* Work instruction: All of the lines below are to be transcribed faithfully, with pictures excluded from the copy.

+ + + + + + +

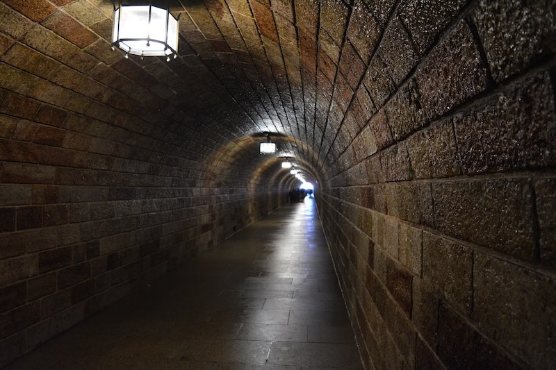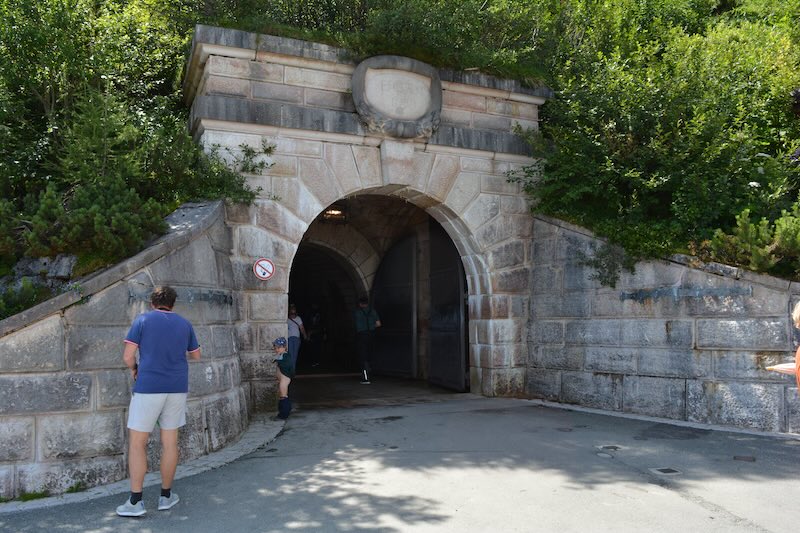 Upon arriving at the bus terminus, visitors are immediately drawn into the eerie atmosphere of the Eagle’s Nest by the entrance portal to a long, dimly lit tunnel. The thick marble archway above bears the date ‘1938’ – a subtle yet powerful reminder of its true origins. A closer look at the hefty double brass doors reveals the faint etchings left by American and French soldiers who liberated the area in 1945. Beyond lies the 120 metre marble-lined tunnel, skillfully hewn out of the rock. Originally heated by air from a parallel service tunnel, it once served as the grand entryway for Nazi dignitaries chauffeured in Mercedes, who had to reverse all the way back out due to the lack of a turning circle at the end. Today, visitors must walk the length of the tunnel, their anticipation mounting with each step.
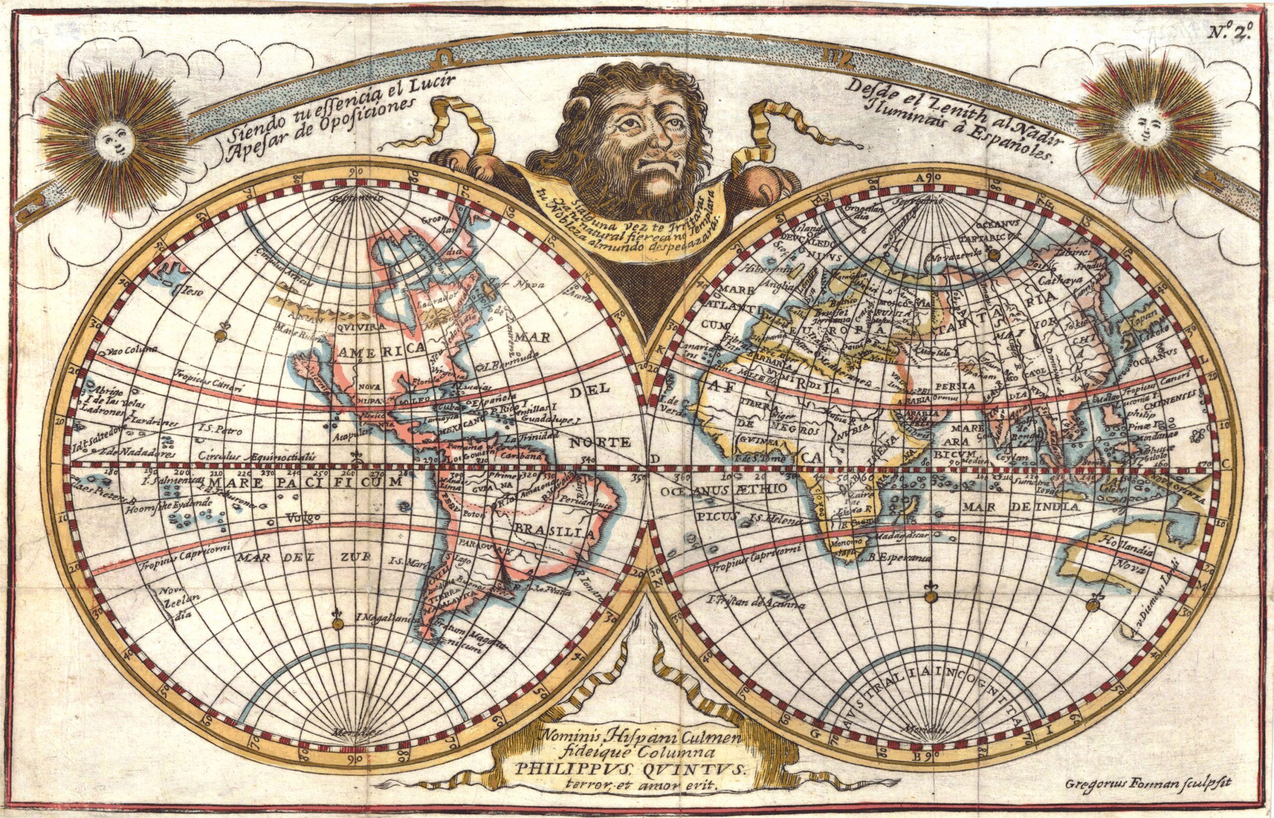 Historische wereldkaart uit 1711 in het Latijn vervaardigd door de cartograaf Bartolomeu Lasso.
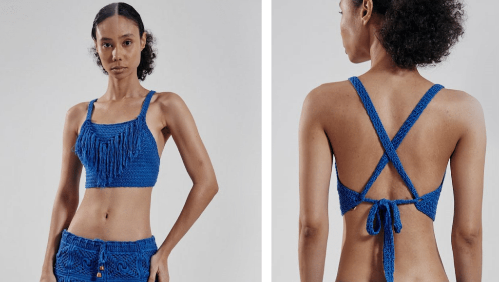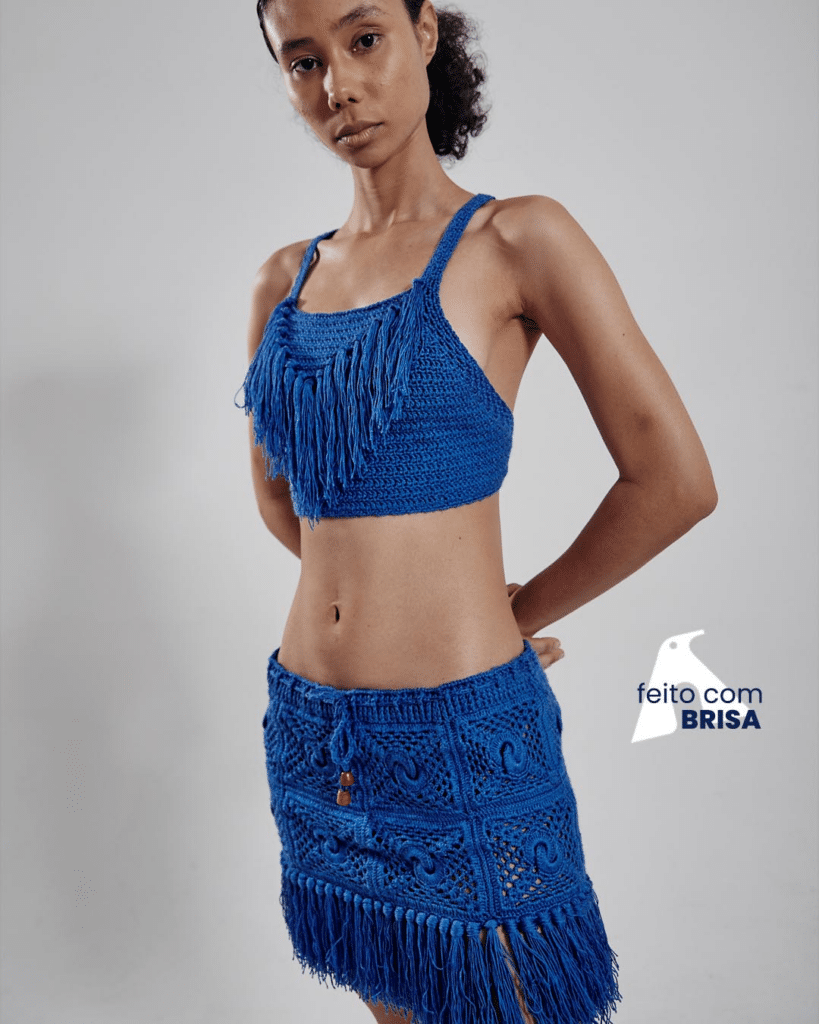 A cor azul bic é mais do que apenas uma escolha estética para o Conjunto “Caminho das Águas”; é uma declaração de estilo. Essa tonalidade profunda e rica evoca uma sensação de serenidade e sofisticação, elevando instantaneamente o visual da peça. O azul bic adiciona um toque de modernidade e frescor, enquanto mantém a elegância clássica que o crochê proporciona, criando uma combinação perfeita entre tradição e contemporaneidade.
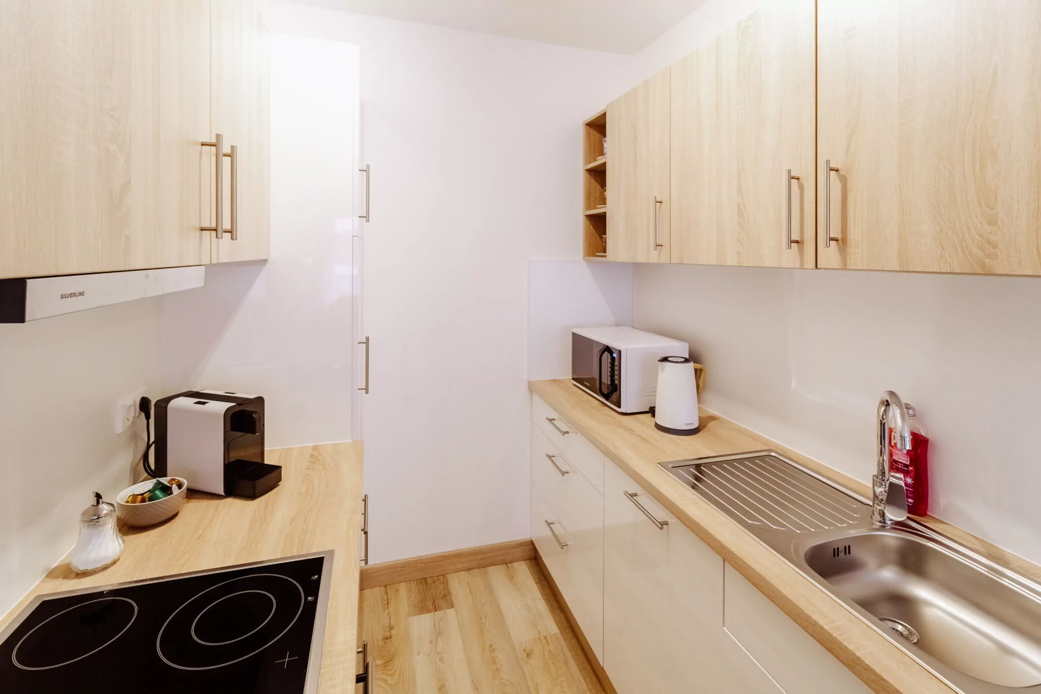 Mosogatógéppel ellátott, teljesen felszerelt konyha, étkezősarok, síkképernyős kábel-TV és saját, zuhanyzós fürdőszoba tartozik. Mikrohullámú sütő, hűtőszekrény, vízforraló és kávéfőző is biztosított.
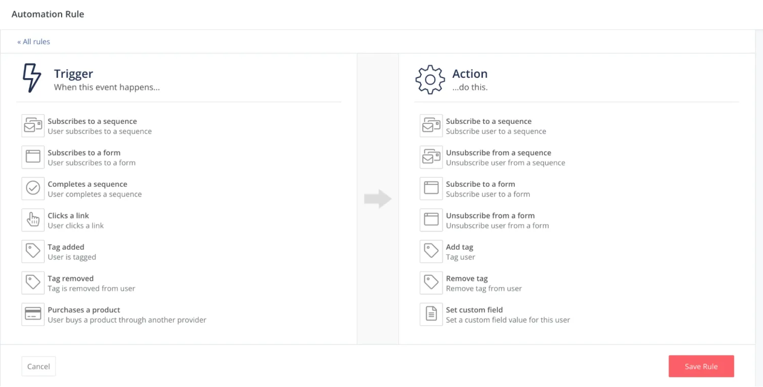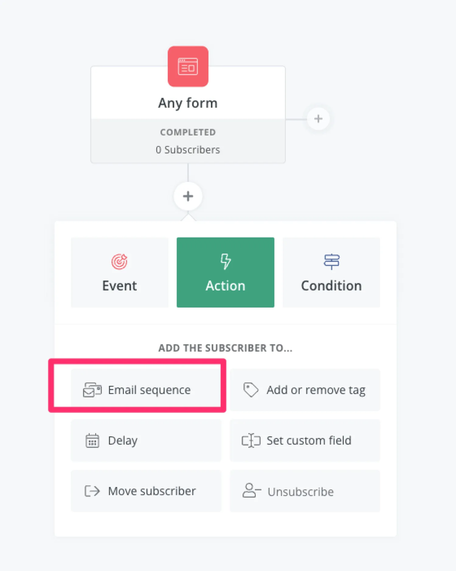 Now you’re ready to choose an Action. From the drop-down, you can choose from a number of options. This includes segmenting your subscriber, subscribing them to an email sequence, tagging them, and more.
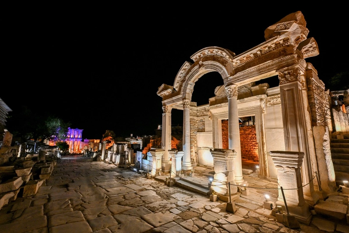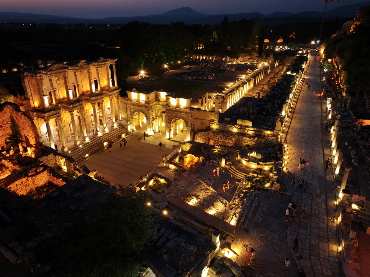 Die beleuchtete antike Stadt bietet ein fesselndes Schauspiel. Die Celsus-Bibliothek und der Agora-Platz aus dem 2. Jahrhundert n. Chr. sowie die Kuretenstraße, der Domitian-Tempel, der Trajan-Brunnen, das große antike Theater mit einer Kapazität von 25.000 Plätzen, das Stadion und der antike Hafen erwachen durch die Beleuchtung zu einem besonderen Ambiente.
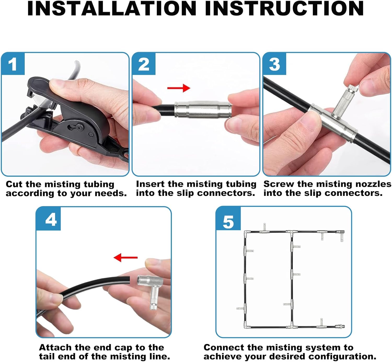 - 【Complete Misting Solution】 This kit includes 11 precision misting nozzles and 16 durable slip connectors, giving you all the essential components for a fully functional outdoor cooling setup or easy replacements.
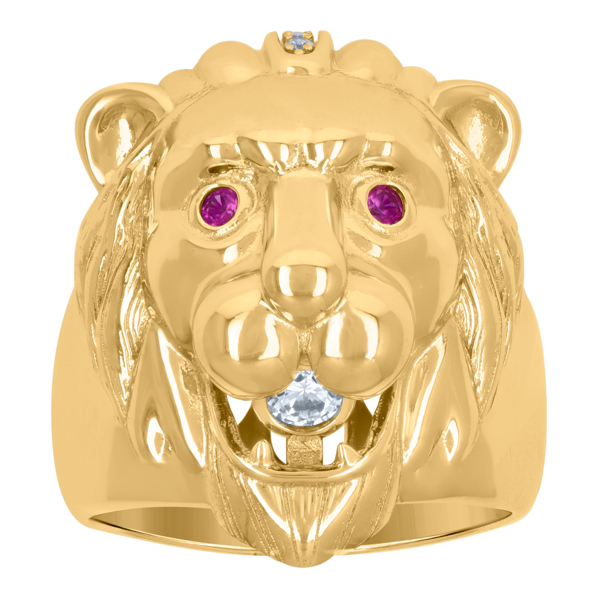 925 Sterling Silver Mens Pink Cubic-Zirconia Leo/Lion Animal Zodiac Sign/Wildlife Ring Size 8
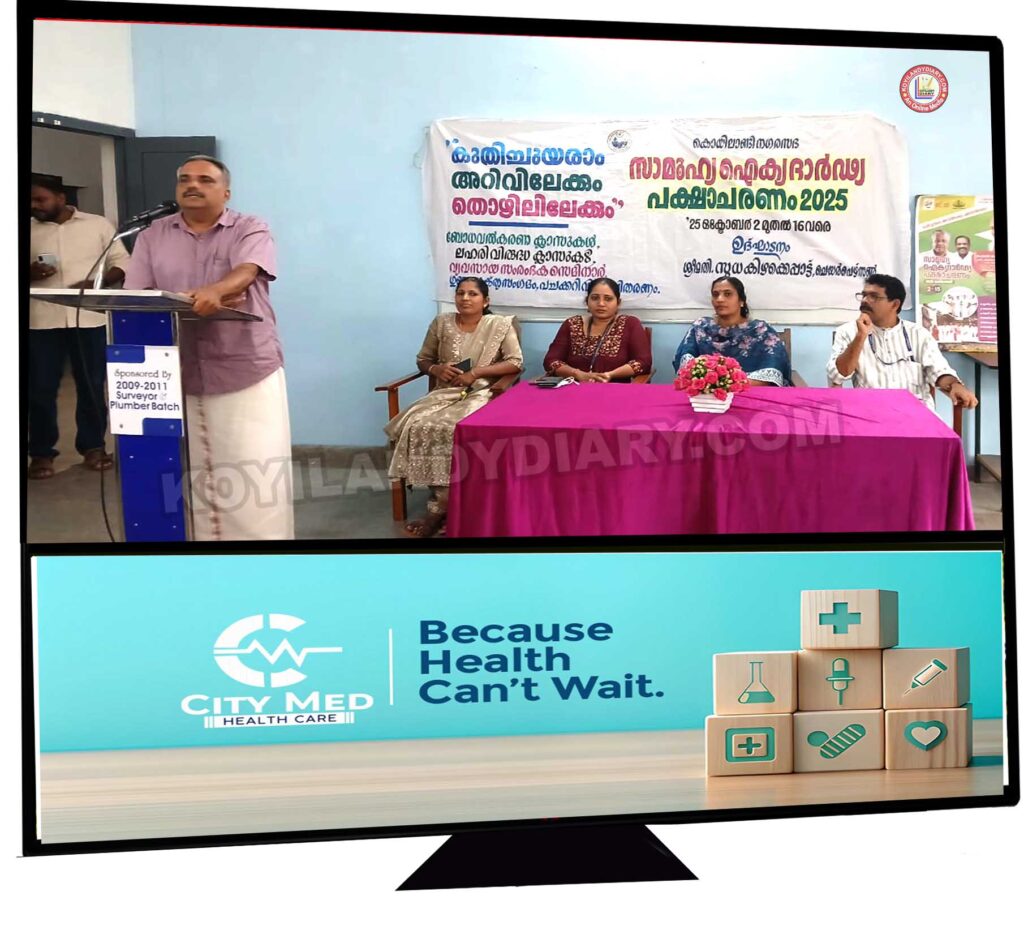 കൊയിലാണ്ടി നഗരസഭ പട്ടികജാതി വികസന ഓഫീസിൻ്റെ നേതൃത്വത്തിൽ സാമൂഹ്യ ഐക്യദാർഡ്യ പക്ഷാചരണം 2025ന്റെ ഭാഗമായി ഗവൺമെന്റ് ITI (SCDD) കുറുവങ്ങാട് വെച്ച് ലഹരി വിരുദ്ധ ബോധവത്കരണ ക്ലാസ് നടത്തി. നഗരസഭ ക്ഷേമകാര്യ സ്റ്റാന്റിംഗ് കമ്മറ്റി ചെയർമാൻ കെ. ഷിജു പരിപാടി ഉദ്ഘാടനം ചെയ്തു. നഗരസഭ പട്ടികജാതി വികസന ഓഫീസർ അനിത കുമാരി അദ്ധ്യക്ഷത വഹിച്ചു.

+ + + + + + +

* Response below:
 Upon arriving at the bus terminus, visitors are immediately drawn into the eerie atmosphere of the Eagle’s Nest by the entrance portal to a long, dimly lit tunnel. The thick marble archway above bears the date ‘1938’ – a subtle yet powerful reminder of its true origins. A closer look at the hefty double brass doors reveals the faint etchings left by American and French soldiers who liberated the area in 1945. Beyond lies the 120 metre marble-lined tunnel, skillfully hewn out of the rock. Originally heated by air from a parallel service tunnel, it once served as the grand entryway for Nazi dignitaries chauffeured in Mercedes, who had to reverse all the way back out due to the lack of a turning circle at the end. Today, visitors must walk the length of the tunnel, their anticipation mounting with each step.
 Historische wereldkaart uit 1711 in het Latijn vervaardigd door de cartograaf Bartolomeu Lasso.
 A cor azul bic é mais do que apenas uma escolha estética para o Conjunto “Caminho das Águas”; é uma declaração de estilo. Essa tonalidade profunda e rica evoca uma sensação de serenidade e sofisticação, elevando instantaneamente o visual da peça. O azul bic adiciona um toque de modernidade e frescor, enquanto mantém a elegância clássica que o crochê proporciona, criando uma combinação perfeita entre tradição e contemporaneidade.
 Mosogatógéppel ellátott, teljesen felszerelt konyha, étkezősarok, síkképernyős kábel-TV és saját, zuhanyzós fürdőszoba tartozik. Mikrohullámú sütő, hűtőszekrény, vízforraló és kávéfőző is biztosított.
 Now you’re ready to choose an Action. From the drop-down, you can choose from a number of options. This includes segmenting your subscriber, subscribing them to an email sequence, tagging them, and more.
 Die beleuchtete antike Stadt bietet ein fesselndes Schauspiel. Die Celsus-Bibliothek und der Agora-Platz aus dem 2. Jahrhundert n. Chr. sowie die Kuretenstraße, der Domitian-Tempel, der Trajan-Brunnen, das große antike Theater mit einer Kapazität von 25.000 Plätzen, das Stadion und der antike Hafen erwachen durch die Beleuchtung zu einem besonderen Ambiente.
 - 【Complete Misting Solution】 This kit includes 11 precision misting nozzles and 16 durable slip connectors, giving you all the essential components for a fully functional outdoor cooling setup or easy replacements.
 925 Sterling Silver Mens Pink Cubic-Zirconia Leo/Lion Animal Zodiac Sign/Wildlife Ring Size 8
 കൊയിലാണ്ടി നഗരസഭ പട്ടികജാതി വികസന ഓഫീസിൻ്റെ നേതൃത്വത്തിൽ സാമൂഹ്യ ഐക്യദാർഡ്യ പക്ഷാചരണം 2025ന്റെ ഭാഗമായി ഗവൺമെന്റ് ITI (SCDD) കുറുവങ്ങാട് വെച്ച് ലഹരി വിരുദ്ധ ബോധവത്കരണ ക്ലാസ് നടത്തി. നഗരസഭ ക്ഷേമകാര്യ സ്റ്റാന്റിംഗ് കമ്മറ്റി ചെയർമാൻ കെ. ഷിജു പരിപാടി ഉദ്ഘാടനം ചെയ്തു. നഗരസഭ പട്ടികജാതി വികസന ഓഫീസർ അനിത കുമാരി അദ്ധ്യക്ഷത വഹിച്ചു.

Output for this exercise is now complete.